3. Even though my wife will have permanent resident status prior to entry into Canada, I understand that she will still need to wait 3 months before being entitled to provincial health care. In the case of our children (which will have proof of Canadian citizenship) however, will they be eligible to health care immediately?

I would appreciate any input that you all may have and personal experiences that may apply to my situation. 

Regards


----------



## Auld Yin (Mar 10, 2009)

JKI2S said:


> Hello All,
> 
> I am a dual citizen (CDN/US) presently residing in the United States. I have been living here for the past 10 years but, for a number of reasons, have decided to move back to Canada with my family. I am in the process of sponsoring my American wife and applying for proof of Canadian citizenship for our three children. Each child was born after April 2009 and are eligible for Canadian citizenship.
> 
> ...


Good Luck.


----------



## JKI2S (Nov 16, 2013)

Auld,

Thank you for your response. As I understand it, I will be required to pay a duty on the two vehicles that I import. I imagine that you bought a vehicle after arriving in Canada. I would rather do that as well but automobiles are much cheaper here in the US. 

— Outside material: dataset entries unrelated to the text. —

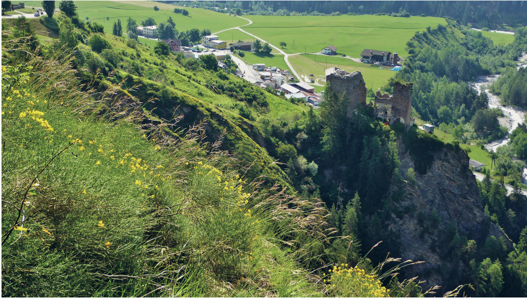
Abb. 3: Genista radiata -Bestand (gemeinsam mit Brachypodium pinnatum ) oberhalb der Burg-ruine Tschanüff. Foto T. Peer, Juli 2016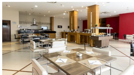
ibis Styles Cuiabá

A partir del 2 de enero, icinco unidades llegarán para sumarse a nuestro equipo en Brasil! Más unidades estarán a disposición de los clientes - y de los colaboradores - en tres grandes ciudades brasileñas: Salvador (Bahía), Belém (Pará) y Cuiabá (Mato Grosso). Novotel Salvador Rio Vermelho, Mercure Belém, ibis Styles Belém Nazaré, ibis Styles Belém Batista Campos e ibis Styles Cuiabá son los nuevos hoteles que tú, colaborador, podrás conocer, con descuentos especiales. Todos tendrán una tarifa fija para apartamentos single o doble, con desayuno incluido. El valor varía de R$90 (ibis Styles) a R$ 140 (Mercure y Novotel) + ISS. La tarifa especial estará disponible durante todo el año de 2019, en la página web de la Carte Bienvenue. ¡Haz tu reserva ya!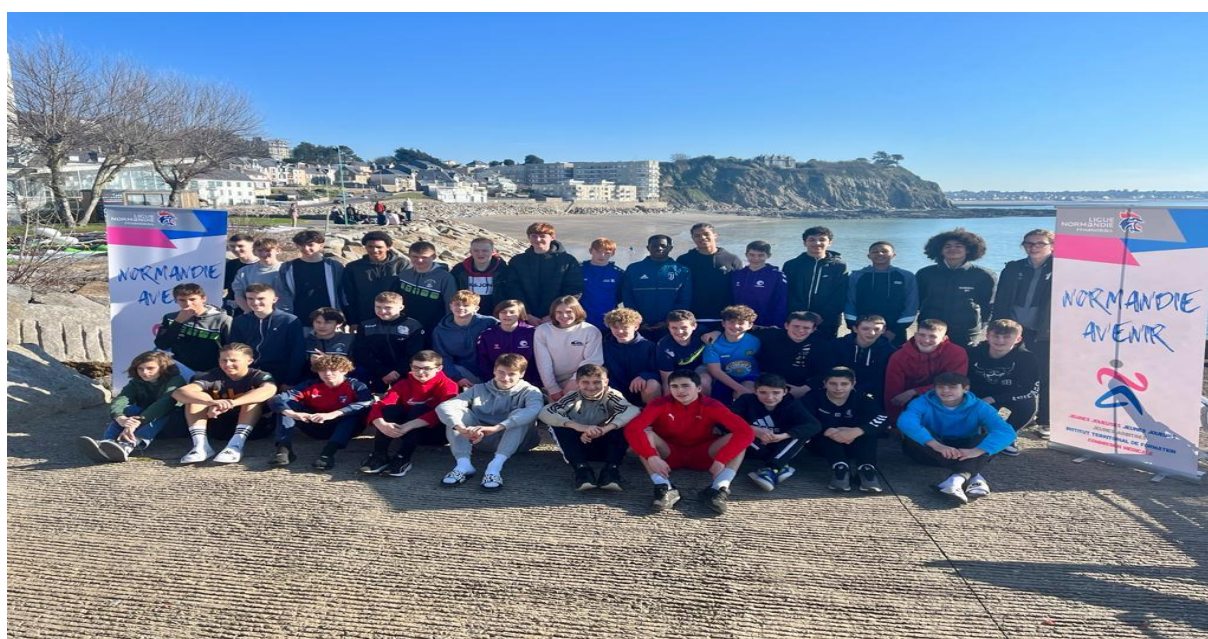
Granville février 2023

Les tours régionaux ont permis d'identifier les joueurs potentiels 2009 pouvant prétendre à l'entrée en Pôle pour l'année 2023/2024, mais aussi d'organiser l'édition 2023 du Normandie Avenir à Granville les 11-12 et 13 février 2023. 42 joueurs ont pris part à ce regroupement, à nouveau un moment d'évaluation des joueurs de la génération 2009.

I'll continue to look into the healthcare issue but what you mentioned sounds about right.


----------



## WestCoastCanadianGirl (Mar 17, 2012)

For the provincial health cover, I'd look for and print out the application beforehand and put it into an envelope and the second you cross into Canada, find a retail post office (try at a 7-11... they usually have stamps at the counter... or try looking on the Postes Canada site for a location close-ish to where you'll be entering Canada) and buy a book of stamps and throw that application into the mail... I know that for the province of BC, the 90 day waiting clock starts the day that you arrive in the province, provided you tell them that you've arrived (I'd imagine that the same holds true for those provinces that have the 90 day waiting period), so the sooner you can get the application in, the sooner you can get coverage... it may take a few days to get your application into the system, but the sooner you can accomplish that, the sooner your coverage will start.

Good luck to you, have a safe journey up and welcome home!


----------



## Auld Yin (Mar 10, 2009)

JKI2S said:


> Auld,
> 
> Thank you for your response. As I understand it, I will be required to pay a duty on the two vehicles that I import. I imagine that you bought a vehicle after arriving in Canada. I would rather do that as well but automobiles are much cheaper here in the US.
> 
> I'll continue to look into the healthcare issue but what you mentioned sounds about right.


Okay but you'll need some adjustments to your autos to make them comply with Canadian standards such as Daylight Running Lights. Canadian Tire can do this for you. I don't know for sure but your cars are personal goods so I done think there's any import duty/fees involved.
Again, Good Luck.


----------



## JKI2S (Nov 16, 2013)

Thanks for the valuable information, WCCG!


----------



## JKI2S (Nov 16, 2013)

Hopefully I don't have to pay any duties on my vehicles but, from what I've been reading, I will have to pay import assessments that could include duty, excise tax and GST because my vehicles are not 10 years or older. I'm not sweating the costs though...it shouldn't amount to much. 

I looked into the regulations and have ordered two daytime running light kits and plan on installing them myself. Fortunately, my vehicles already have electronic immobilization systems. 

Thanks for the heads up.


----------